Faith and honesty weren’t enough for the Red Sox. Buchholz allowed the go-ahead run to score as the Blue Jays completed the series sweep with a 4-3 victory.

Rajai Davis singled with one out in the ninth and stole second. He took third when Anthony Gose singled. Valentine came to the mound at that point and Buchholz gave him the answer he wanted.

“I was like, ‘Go back to the dugout. I’m going to try and get a ground-ball double play right here,’ ” Buchholz said. “I’d rather they put it all on me.”

The double play was foiled when Gose stole second. The Sox intentionally walked pinch hitter Kelly Johnson to face 45-year-old Omar Vizquel.

Buchholz got ahead 0-and-2 and tried to throw a cut fastball inside. But the ball stayed out over the plate and Vizquel managed to hit the ball deep enough to left field for a sacrifice fly.

“Clay made good pitches the whole night. He deserved better,” Valentine said.

Vizquel has driven in five runs all season, two of them in what was his last game at Fenway Park before retirement.

“I was thinking when they walked Johnson, ‘Wow, what a way to go out if I can just get the RBI in and win the game.’ That’s exactly what happened. It was very nice,” Vizquel said.

The Sox have lost four straight, 11 of 12, and a staggering 16 of their last 20 games.

At 63-78, the Sox are 15 games under .500 for the first time since they finished the 1992 season 73-89.

Buchholz (11-6) allowed seven hits, all singles. Six of the hits contributed to the four runs.

Buchholz had a 2-0 lead going into the fourth inning. Singles by Davis, Gose, and Jeff Mathis accounted for one run. Vizquel followed with a sacrifice fly to left field.

Adeiny Hechavarria’s RBI single to left field gave Toronto a 3-2 lead.

The Sox scored all three of their runs off Toronto starter Carlos Villanueva on home runs.

Cody Ross drew a walk with one out in the second inning and jogged around when Jacoby Ellsbury drove a changeup just over the back wall of the Red Sox bullpen.

Villanueva left the pitch up and over the plate after falling behind 2-and-1. It was the third homer of the season for Ellsbury.

Valentine dropped Ellsbury to sixth in the lineup for the game, the first time he has hit in that spot since 2009. Ellsbury was in a 5-for-36 slump and hadn’t had an extra-base hit or a run batted in since Aug. 27.

“He’s working real hard, “Valentine said before the game. “Talked to him about how he was feeling yesterday. He feels good. He says at any time he could just get hot as a firecracker.”

Ellsbury was not available for comment after the game.

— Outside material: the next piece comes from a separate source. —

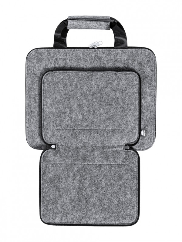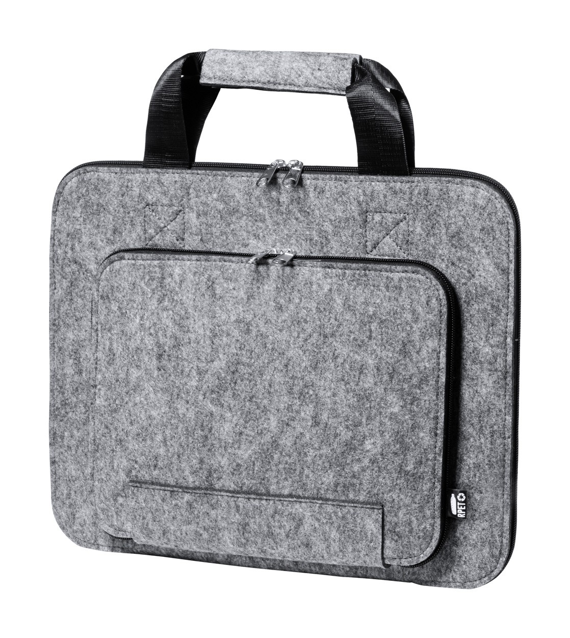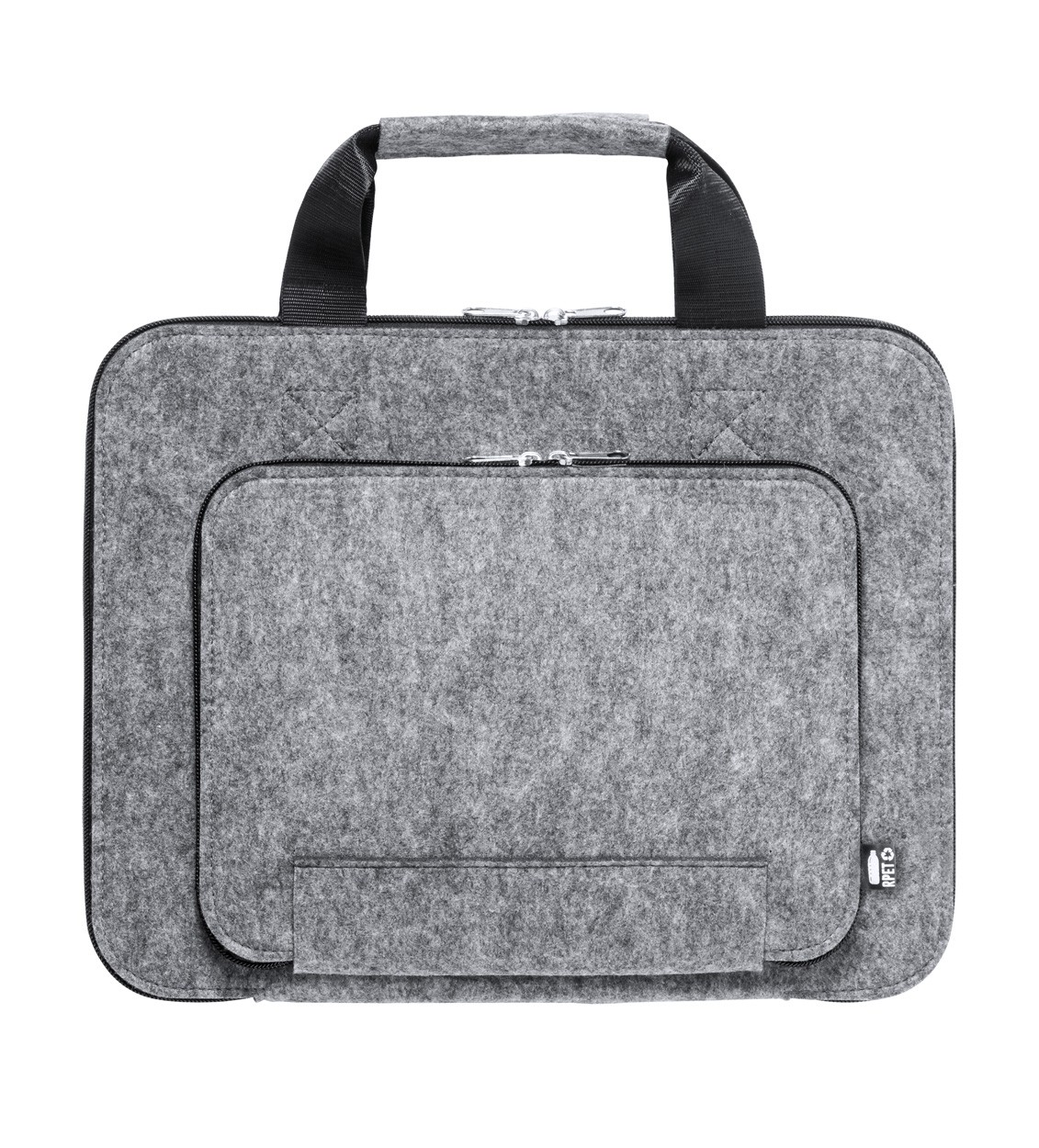 Geantă pentru documente, din fetru RPET, cu compartiment principal cu fermoar și buzunar frontal. Cu etichetă distinctivă RPET.
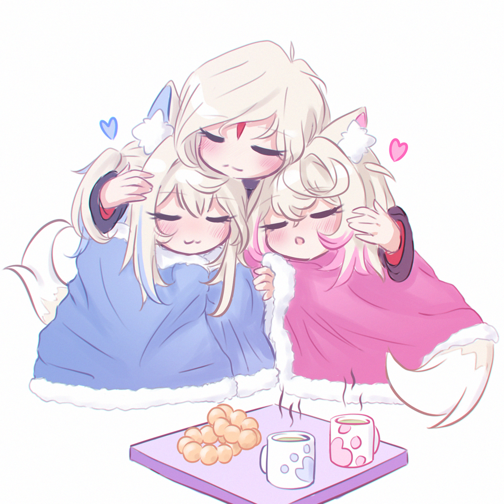 3girls :3 animal_ear_fluff animal_ears blanket blonde_hair blush chestnut_mouth closed_mouth commentary dated_commentary dog_ears dog_girl dog_tail donut english_commentary family food fur_trim fuwawa_abyssgard heart hololive hololive_english hug mama_puppy_(fuwamoco) mococo_abyssgard mother_and_child mother_and_daughter multicolored_hair multiple_girls open_mouth parent_and_child paw_print pon_de_ring short_twintails siblings sisters sleeping steam streaked_hair table tail tea twins twintails under_covers virtual_youtuber white_background yurimiyanae

Trailing, 3-2, the Sox tied it in the sixth when Dustin Pedroia homered to left. It was his 14th of the season.

The Sox otherwise struggled offensively with leadoff hitter Ryan Kalish playing a role in that.

Kalish had a single in the first inning and was bunted to second by Scott Podsednik. When Pedroia grounded to third, Kalish tried to advance to third and was tagged by Brett Lawrie, who then threw to first for a double play.

“The play was right in front of him,” Valentine said.

Kalish drew a walk with two outs in the fifth and was picked off first by Mathis, the catcher. For a team having so much trouble scoring, making two outs on the bases was particularly egregious.

“He hasn’t played a lot and that’s why he is playing, so he can learn,” Valentine said. “Those are learning situations.”

The Sox got a leadoff single from James Loney in the bottom of the ninth. Ross followed with a long fly ball to left field that was foul by only a few feet.

“Thought I had it. But it took a left turn and unfortunately went foul,” said Ross, who then struck out looking at a curveball from Casey Janssen. Ellsbury followed with a fly ball to deep center before Mike Aviles fouled out.

Toronto’s bullpen threw three scoreless innings, with Brandon Lyon (2-0) getting the win.

Many in the crowd hung in until the end of the game only to leave disappointed. At this point, the final 21 games can’t come fast enough.

Valentine was glum even before the game after answering a series of questions related to injuries, underachieving players, and other setbacks that have marred the season.

“Only three more weeks of this,” he said on his way out of the room.